Nous voyons toujours le monde de notre propre point de vue. C’est pourquoi je trouve que la colonne est une des formes les moins intéressantes. Peu importe d’où on la regarde, elle demeure toujours le même tuyau vertical. Pour une sculpture il est important de pouvoir marcher autour, alors il se passe quelque chose. En marchant autour d’une colonne, on voit toujours la même chose. Il n’y a que ce qui se trouve derrière qui change. Quand j’étais jeune j’allais souvent dans les musées. J’y faisais des travellings. Ainsi, à chaque fois, je voyais les formes des tableaux de manière différente. Le musée de La Haye est un des plus beaux du monde. Il y a là une merveilleuse collection Mondriann : des toiles géométriques avec plein d’angles droits. Je trouve cela terrible, car un angle droit ne se voit presque jamais, à moins de se mettre juste en face de la toile. J’ai banni tous les angles à 90° de mon œuvre. Je préfère les formes obliques. C’est pourquoi la tour de Pise est si fantastique. C’est aussi une colonne, mais… en y montant on descend également. C’est une expérience très curieuse.

En effet, je vois une certaine parenté avec Escher, qui lui aussi a créé des formes bizarres qui peuvent être interprétées de différents points de vue.

Non, pour moi Escher n’est pas intéressant. Je suis plutôt issu du minimalisme. Cependant il m’est difficile d’admettre ce que Robert Morris affirmait : « Quand on fait un cube, peu importe de quel côté on le regarde, on le voit toujours de manière différente. » C’est vrai, mais il n’y a plus de surprise car on connaît la forme du cube.

J’ai été intéressé par les panoramas de Dan Graham et plus tard par ceux de Jan Dibbets. Je me suis mis à calculer ce qui se passait exactement dans ces panoramas. Je voulais savoir comment était construite la perspective de ces photos de panoramas et j’ai découvert qu’on peut parfaitement la calculer. La forme «eschérienne» découle de Penrose.

Parfois aussi je travaille avec cette sorte de paradoxe, tel par exemple l’anneau de Möbius. Mais la différence avec Escher est que chez ce dernier il s’agit d’illusion pure et que dans ce cas-ci il s’agit d’une sculpture, une illusion « en dur ». Chez Escher on a l’impression qu’il se passe quelque chose d’impossible, et dans mon travail ce qui se passe est présent de manière tangible. Dans un catalogue la plupart des gens ne voient la forme qu’en photo, tandis que confrontés à la sculpture ils ont peine à la retrouver. Mais que le public fasse aussi un effort, c’est cela que je veux.
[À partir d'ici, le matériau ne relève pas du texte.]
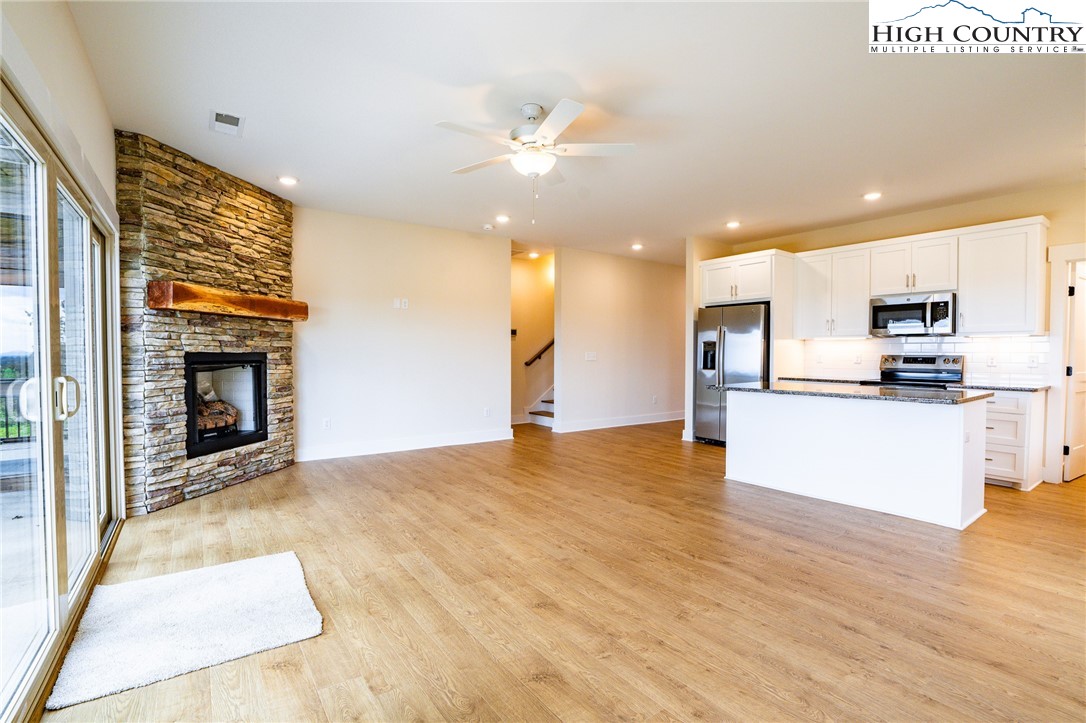 New construction 3 Bedroom 2-1/2 bath home with fantastic long range views, at The Coves Mountain River Club. Built by Moss Marlow Building Co. The Cottages at The Coves is a cluster of 12 patio homes, located just below the clubhouse. This home is one of two remaining lots at The Cottages. Ensuite Primary Bedroom and laundry on main level. Open concept living room and kitchen with beautiful stone fireplace and a large kitchen island. The screened porch is a sweet spot to relax and take in views across the valley to mountains beyond. Upstairs, 2 BR, 1 BA. Enjoy views from anywhere in the home, including the screened porch and large concrete deck facing the dramatic views. Lawn maintenance at The Cottages is included with your annual HOA fee. Walk to the clubhouse, only 400 yards away via Overlook trail. The Coves is a 3,200 acre gated community in the Blue Ridge Mountains of North Carolina. There are miles of community exclusive trails to hike, bike, ride horses, or UTVs. There are 5 miles of frontage on the Johns River, with areas to put in and take out your kayak, wade and fish, picnic, or gather round a stone fire pit. The crown jewel of The Coves is the magnificent post and beam constructed clubhouse, Pisgah Lodge, located on one of the highest peaks. There, you'll enjoy a saline pool, fitness center, locker rooms, full kitchen, lending library, pool table, fire pits, wrap around porches, decks, and overlooks to take in 360º views of the Blue Ridge Mountains, South Mountains, and Brushy Mountains. The Coves is a Dark Sky Community, which minimizes light pollution and provides breathtaking star-gazing. Down by the river you can garden your private plot at the Community Garden or join your neighbors to care for and harvest the community cooperative vineyard. Pickle-ball and shuffleboard courts, putting green, and a picnic pavilion are located at another Coves's park, Wyatt's Landing. Additional amenities include 2 Equestrian Centers and a Dog Park. Join your neighbors for social events, excursions, hiking, travel, yoga. *500K acre Pisgah National Forest and the Wilson Creek Wild and Scenic River Area are across the road! 1.25 hour drive to Charlotte or Asheville, minutes to Lenoir, Blowing Rock, Morganton, and the Blue Ridge Parkway.
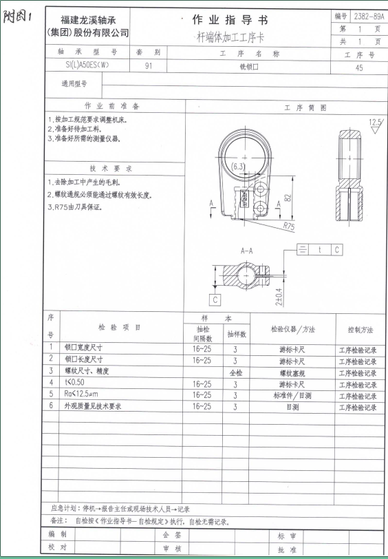 工艺试件为SI(L)A50ES(W).91杆端体,材料:45钢,工序:铣锁口。工艺要求见图纸(附图1)。

En tant qu’artiste vous vous préoccupez principalement de problèmes inhérents à l’art tels l’illusionnisme, la géométrie, la perspective et plus spécifiquement du problème de l’anamorphose (une image déformée vue dans un miroir convexe donne une image exacte, dont l’exemple le plus connu est sans doute le crâne dans Les Ambassadeurs [1533] de Holbein. Ce n’est pourtant pas un thème qui préoccupe le grand public ?

En pratique pourtant je touche le grand public. Les jeunes surtout veulent savoir comment ces choses sont faites. Les ouvriers avec qui je travaille sont toujours très fiers du résultat. Le week-end ils viennent avec leur famille pour montrer comment c’est agencé.

On peut voir mon travail de manières différentes. Il est spectaculaire. On peut lui trouver un effet bon marché, mais c’est plus complexe que cela. L’effet se situe à plusieurs niveaux. Je trouve amusant que les personnes qui réalisent le travail pour moi ne supposent pas de quoi il aura l’air, mais je sais d’expérience que mes calculs sont parfaitement exacts. Pour les autres la réalisation finale est quand même une surprise agréable…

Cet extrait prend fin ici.